This is going to be a really odd post but one that I sorta feel like I want to make. I have a deep and personal bond with Mister Rogers Neighborhood that I am not entirely sure if I can put into words. I grew up the only child of two very busy parents with no other children within easy access distance to me because we lived just far enough out of the city limits to make everything awkward. For the most part I say I was raised by my grandmother, because she was my babysitter and playmate as a child. The problem with that however is that she was the anchor of a very busy rural household, which meant there were larger swaths of the day where she was out doing chores. I mean this is a woman I can regularly remember going out to chopped/split wood for the stove to keep the house warm while grandpa was out tending to the cattle.
As a result there were large swaths of the day where I was left to my own devices, and essentially had to learn how to keep myself entertained. I was the first person in my family to get cable television… and even then I did not get that until I moved to college so as far as programming went I was limited to the four over the air networks. It was at an early age that I developed an affinity for PBS or the Public Broadcasting Service and regularly would sit there in the floor of my grandparents living room soaking up everything I could find while doodling and inventing nonsense. Without a doubt the only show I never missed however was Mister Rogers Neighborhood, because it had a way of bringing me into that world.
I felt like I was friends with Mister Rogers, Handyman Negry, Mister McFeely, or Lady Aberlin… as well as X the Owl, Henrietta the Cat or Daniel the Lion.

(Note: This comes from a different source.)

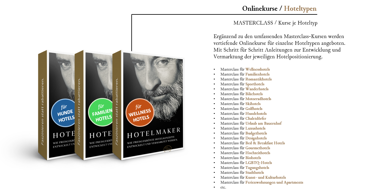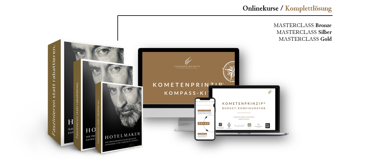 Die ganzheitlichen Onlinekurse sind speziell für die mittelständische Privathotellerie konzipiert. Sie ermöglichen Hoteliers und ihren Mitarbeitern auf Basis des erfolgserprobten Kometenprinzip ® Schritt für Schritt zu erlernen, wie außergewöhnliche Hotelkonzepte entwickelt und umgesetzt werden und eine ganzheitliche Vermarktung Wunschgäste anzieht. Es gibt 3 Masterclass Komplettkurse, die sich in der Themenanzahl und Tiefe unterscheiden: Bronze, Silber und Gold.

For thirty minutes I was sucked into this other world where not everyone looked the same as me but still managed to get along perfectly. This was deeply important to my upbringing because I lived in what you might say was a quietly prejudiced world and thought Mister Rogers neighborhood it allowed me to build up a bit of an immunity to having any of those thoughts root deeply in my brain. His mission to drill into our brains that we were all the same inside and that we should celebrate the interesting differences is something that served me well and that I have tried to never betray.
Then the other night after a normal day in the office, I sat down to start doing what I sorta refer to as “checking into the world”. One of the things that crossed past my eyes was the above trailer for a new movie about the life of Fred Rogers called “Won’t You Be My Neighbor” and as I sat there watching it… I started tearing up to the point of just water pouring out of my eyes. Hell as I sit here writing this post this morning I am teary eyed as well. It is impossible to put into word accurately how much this man meant to me… and how much the show Mister Rogers Neighborhood did. He took what was an otherwise solitary childhood where I sat alone for hours at a time finding ways to entertain myself… into a constant voyage of discovery as I anxiously awaited the moment when the show would be on again and we could do more interesting things together.
I made a comment to this effect the other night on Twitter and my friend Gryph commented that there was a Mister Rogers Neighborhood marathon going on over on Twitch. This was a night when my wife had gone to Dallas and I was ultimately waiting up for her to get home safely before going to bed. So from about 10:30 until around midnight I sat there watching old episodes of the show reliving moments from my childhood. By the time my wife got home I had to explain why my eyes were so teary because there were so many moments that just hit me in the gut. Example the above image is from when Lady Aberlin forgot to come pick up Daniel Lion for a party, and he thought she didn’t love him anymore.
These were important lessons to talk about with kids, and to help them work through complex feelings of frustration and abandonment… giving us ammunition for dealing with those things when we experienced them later in life. I am far from normal, but I feel like I am a better person because of the lessons we learned every day after school from Mister Rogers and the crew. The role Betty Aberlin played has to be highlighted and appreciated because she had this way of treating those puppets as though they were the most real people in the world with their own complex needs. Without her and her presence in the land of Make Believe it would have been harder to get sucked into the world because of the way she carried the interactions with the puppeteers.